| What is required |
An exact copy is needed of the lines in the entries below from the line with "为推动中美两国的教育和文化交" up to and including the line with "SHR预测急性大动脉闭塞性缺", and of nothing else. Leave the pictures out.

*** Opening of Excerpted data ***

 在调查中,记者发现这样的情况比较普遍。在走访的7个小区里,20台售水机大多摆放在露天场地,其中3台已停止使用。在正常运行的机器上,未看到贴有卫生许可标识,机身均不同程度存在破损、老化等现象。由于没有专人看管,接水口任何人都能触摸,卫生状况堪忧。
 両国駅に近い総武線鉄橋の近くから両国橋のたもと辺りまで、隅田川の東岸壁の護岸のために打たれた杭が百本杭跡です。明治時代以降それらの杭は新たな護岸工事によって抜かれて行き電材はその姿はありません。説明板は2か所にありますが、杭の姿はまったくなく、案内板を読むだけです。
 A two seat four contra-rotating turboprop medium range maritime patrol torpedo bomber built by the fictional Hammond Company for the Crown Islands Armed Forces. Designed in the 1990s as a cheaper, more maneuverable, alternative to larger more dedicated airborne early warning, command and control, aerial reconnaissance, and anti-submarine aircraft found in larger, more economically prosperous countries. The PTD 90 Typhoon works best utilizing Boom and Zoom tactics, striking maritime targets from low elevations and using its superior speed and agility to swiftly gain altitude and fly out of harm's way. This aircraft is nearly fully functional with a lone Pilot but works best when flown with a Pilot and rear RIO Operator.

*** Close of Excerpted data ***
*** Opening of Excerpted data ***

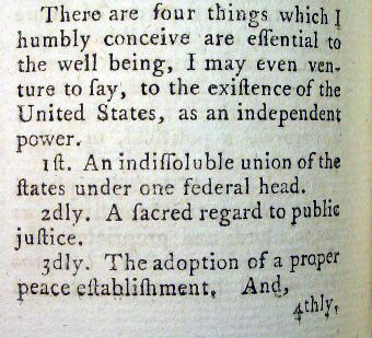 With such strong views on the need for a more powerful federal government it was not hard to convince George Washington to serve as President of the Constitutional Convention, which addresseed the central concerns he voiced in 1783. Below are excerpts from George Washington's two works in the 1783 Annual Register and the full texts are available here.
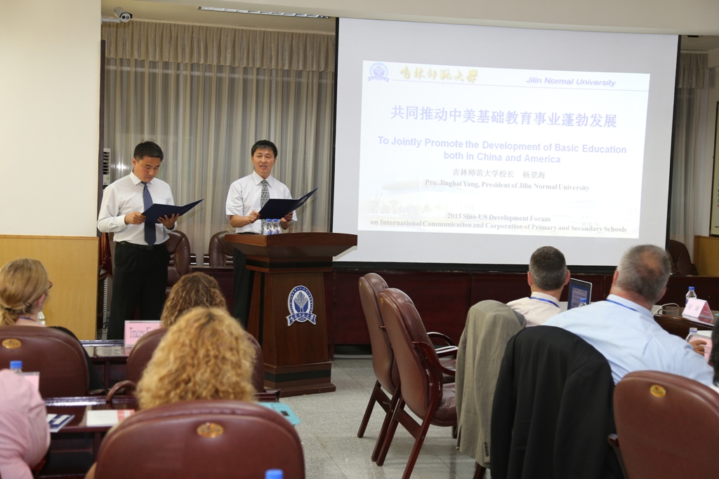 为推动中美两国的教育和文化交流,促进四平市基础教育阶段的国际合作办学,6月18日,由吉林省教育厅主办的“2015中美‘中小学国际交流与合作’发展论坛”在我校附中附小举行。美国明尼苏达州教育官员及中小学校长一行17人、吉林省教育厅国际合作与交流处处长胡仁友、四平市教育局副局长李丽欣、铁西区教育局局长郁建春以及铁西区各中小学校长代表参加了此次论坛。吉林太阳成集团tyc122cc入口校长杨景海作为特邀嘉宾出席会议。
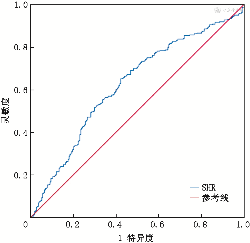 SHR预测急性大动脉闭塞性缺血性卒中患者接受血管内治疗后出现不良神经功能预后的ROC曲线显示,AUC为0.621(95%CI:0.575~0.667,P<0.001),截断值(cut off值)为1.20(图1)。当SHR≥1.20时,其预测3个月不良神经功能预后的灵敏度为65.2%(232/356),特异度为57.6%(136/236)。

*** Close of Excerpted data ***

| Exercise answer |
 为推动中美两国的教育和文化交流,促进四平市基础教育阶段的国际合作办学,6月18日,由吉林省教育厅主办的“2015中美‘中小学国际交流与合作’发展论坛”在我校附中附小举行。美国明尼苏达州教育官员及中小学校长一行17人、吉林省教育厅国际合作与交流处处长胡仁友、四平市教育局副局长李丽欣、铁西区教育局局长郁建春以及铁西区各中小学校长代表参加了此次论坛。吉林太阳成集团tyc122cc入口校长杨景海作为特邀嘉宾出席会议。
 SHR预测急性大动脉闭塞性缺血性卒中患者接受血管内治疗后出现不良神经功能预后的ROC曲线显示,AUC为0.621(95%CI:0.575~0.667,P<0.001),截断值(cut off值)为1.20(图1)。当SHR≥1.20时,其预测3个月不良神经功能预后的灵敏度为65.2%(232/356),特异度为57.6%(136/236)。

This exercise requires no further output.